03.08.2010 - 00:50 | Son Güncellenme:
DIŞ HABERLER SERVİSİ
Karadeniz’de bir robot denizaltıyla çalışmalar yapan Leeds Üniversitesi’nden bilimadamları, nehrin yerüstü benzerlerinde olduğu gibi belirgin bir yatakta aktığını ve yer yer şelaleler bulundurduğunu açıkladı. Nehir karada aksaydı debi açısından dünyadaki en büyük altıncı nehir olacaktı. Denizlerdeki 2 bin metrenin altındaki geniş düzlükleri karalardaki çöllere benzeten bilimadamları, sualtı nehrinin bu çöllere yoğun tuzlu suyla birlikte yaşamsal besin ve mineraller aktardığını kaydetti. Nehrin suyunun yoğunulğu çevresindeki deniz suyuyla karışmasının da önüne geçiyor.
4 bin kilometre
Dr. Dan Parsons ve ekibinin keşfettiği sualtı nehri, Akdeniz’den başlayıp İstanbul Boğazı’nı aşarak Karadeniz’e 37 kilometre giriyor ve bu noktada tuzlu ve mineralli suyu derin ve geniş deniz yatağına boşaltıyor. 4 bin kilometre uzunluğundaki nehrin yer yer 800 metre genişliğe ulaştığını belirten bilimadamları, henüz adlandırılmamış nehrin şimdiye kadar bulunan tek aktif su altı nehri olduğunu kaydettiler. Sualtı nehrinde akan suyun debisinin Avrupa’nın en büyük nehri Ren’e göre 10 kat fazla olduğu açıklayan bilimadamları, hızını saatte 6.5 km olarak belirttiler. Nehirden saniyede 22 bin metreküp su akıyor. Denizlerdeki besin kaynakları, karalardaki nehirlerin taşıdığı mineraller sayesinde sürekli besleniyor. Bu keşif, minerallerden büyük oranda yoksun derin okyanuslarda yaşamın nasıl mevcut olduğunu açıklaması bakımından kritik önem taşıyor.

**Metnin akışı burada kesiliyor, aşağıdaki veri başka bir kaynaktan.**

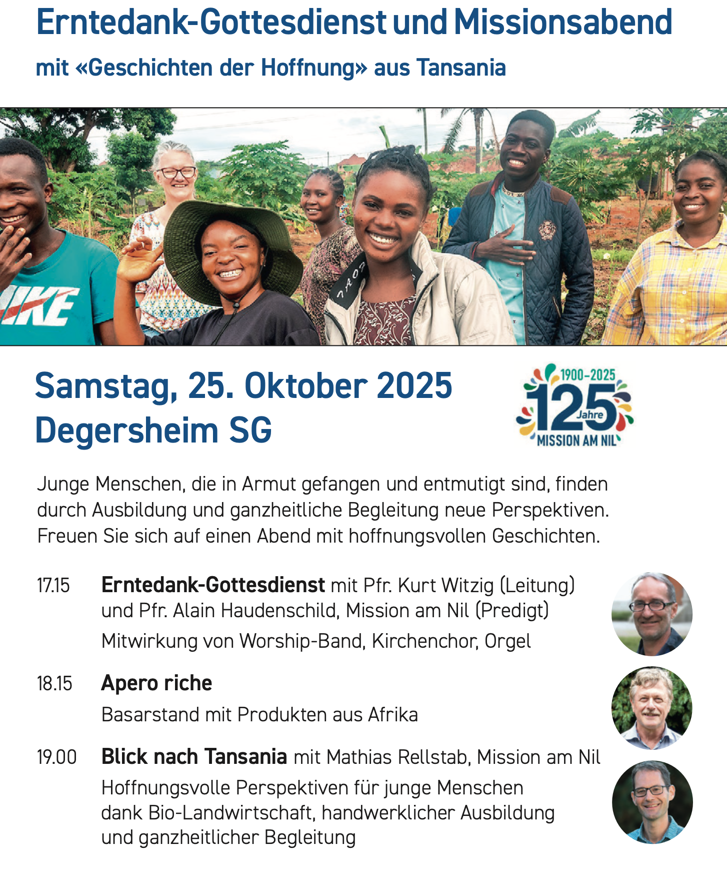 Zu diesem Gottesdienst heissen wir auch die Ostschweizer Freunde der Mission am Nil willkommen zu ihrem Missionstag.
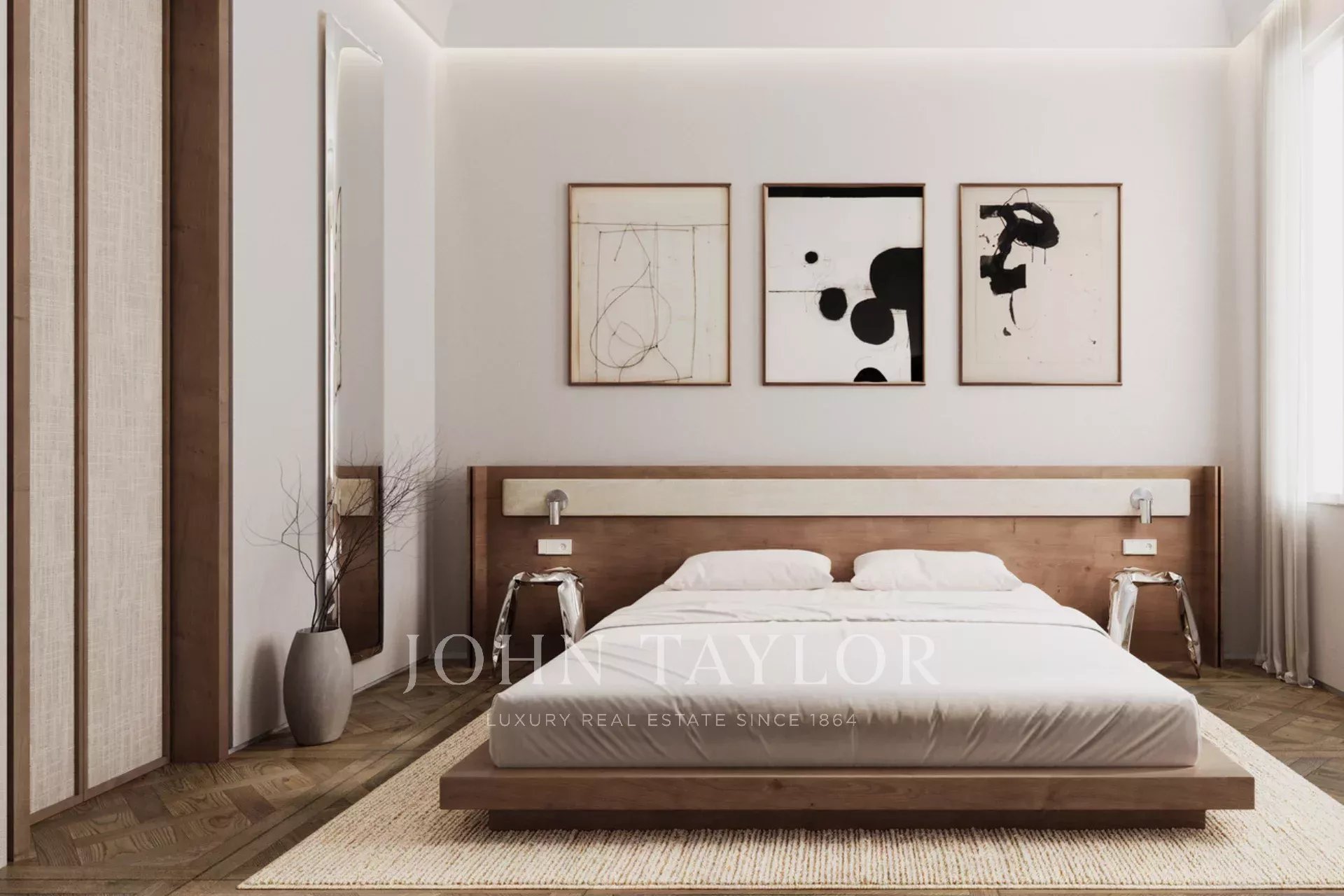 Дом имеет классический фасад с четырьмя балконами, выходящими на улицу, откуда открывается привилегированный вид, а также элегантные потолки высотой 3,30 метра. Выходящий на юг главный фасад обеспечивает естественное освещение и тепло в течение большей части дня, создавая светлую и уютную атмосферу. Большие, хорошо сохранившиеся внутренние дворы придают дополнительную ценность этой жемчужине недвижимости.

‘18. yüzyıldan beri biliniyor’
Prof. Dr. Naci Görür (İTÜ Maden Fakültesi Jeoloji Bölümü Öğretim Üyesi): Boğaz’ın kendisi orjinal olarak daha Marmara ile veya Akdeniz ile Karadeniz’in ilişkisi olmadan yani bundan en az 12 bin sene önce bir akarsu yatağıydı. Son buzul dönemi sona erince 12 bin seneden günümüze kadar dünya deniz seviyesi yükseldiğinden Akdeniz’in suları Karadeniz’e ulaştı. Bunu izleyen dönemde de Boğaz’da iki yönlü bir akıntı sistemi gelişti. Bunlardan daha tuzlu, dolayısıyla yoğunluğu daha fazla olan Akdeniz suları dipten Karadeniz’e doğru daha az tuzlu ve hafif olan Karadeniz suları ise üstten Marmara’ya doğru akmaya başladı. Bugün de bu akıntı sistemi mevcut. Bu akıntı sisteminin yani dip ve yüzey akıntılarının böyle olduğu 18. yüzyıldan beri biliniyor. İngiliz araştırmacıların söylediği ve ölçtükleri, inceledikleri dip akıntının hızı, Akdeniz suyunun Karadeniz’e doğru ne kadar geldiğini ve bunu da bir bakıma akarsuya benzeterek söylemiş olmalarıdır. Yoksa hiçbir bilim adamı veya bu konuya vakıf hiçkimsenin, bugünkü Boğaz’ı bir nehir olarak yorumlaması mümkün değildir. İki denizel ortamı birbirine birleştiren su yoluna boğaz adı verilir. Böyle bir su yoluna da kimse nehir demez. Nehirler karada doğan ve denize ulaşan veya ulaşamayan aksulara verilen isimdir. Sözü edilen şey bugün akan boğazın dip akıntısıdır, bunu akarsuyla karıştırmak mümkün değildir.